After revealing on Instagram last week she has gained 17 lbs., talk show host Jeannie Mai says she’s never felt better.

The 39-year-old, who is a co-anchor on The Real, opened up to PEOPLE, revealing her past struggles with food and how far she has come in the past three months.

“It was a lot of over-control,” Mai says. “I was eating — if you were my friend and you hung out with me, you would see me just normally eating my food — but there was a level of control to it that I knew if I woke up the next day and weighed myself and I was over 103 [pounds], I would scale it back and make sure that I didn’t creep one ounce over that weight.”

Mai says she was consistently 103 lbs. for the past 12 years — her entire career on television.
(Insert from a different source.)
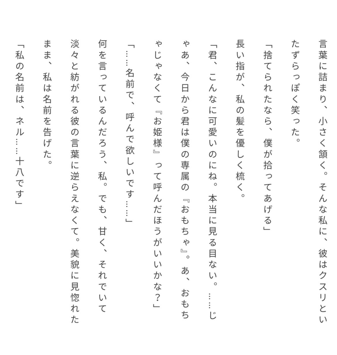 「今日から君は僕の専属の『おもちゃ』。……あ、やっぱり『お姫様』って呼んだほうがいいかな?」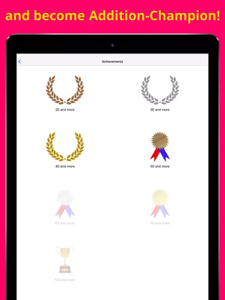 Along the way you receive medals for every achievement. At the end the Addition Cup await you.

“When you’re in Hollywood, at the time, being thinner is just something … it’s almost like the unachievable thing,” she tells PEOPLE.

“Everywhere you go somebody is on a diet. Everywhere you go in L.A. there is a no-carb option. I stayed at that weight because it’s what I thought I should be because I’m already small and I also lost a lot of weight since high school. I used to be a not-healthy 130-lb. girl, all in my stomach, all in my arms so I lost the weight and I stayed there then I became a control freak about the way I was eating and it just became the norm.”

Mai says people would also comment on her weight, asking her how she stayed so thin, which felt like a compliment.

“I thought I have what a lot of women want but can’t get so I better stick with it,” she says. “You just think that’s the right thing to do. I fit everything. I fit the model sizes.”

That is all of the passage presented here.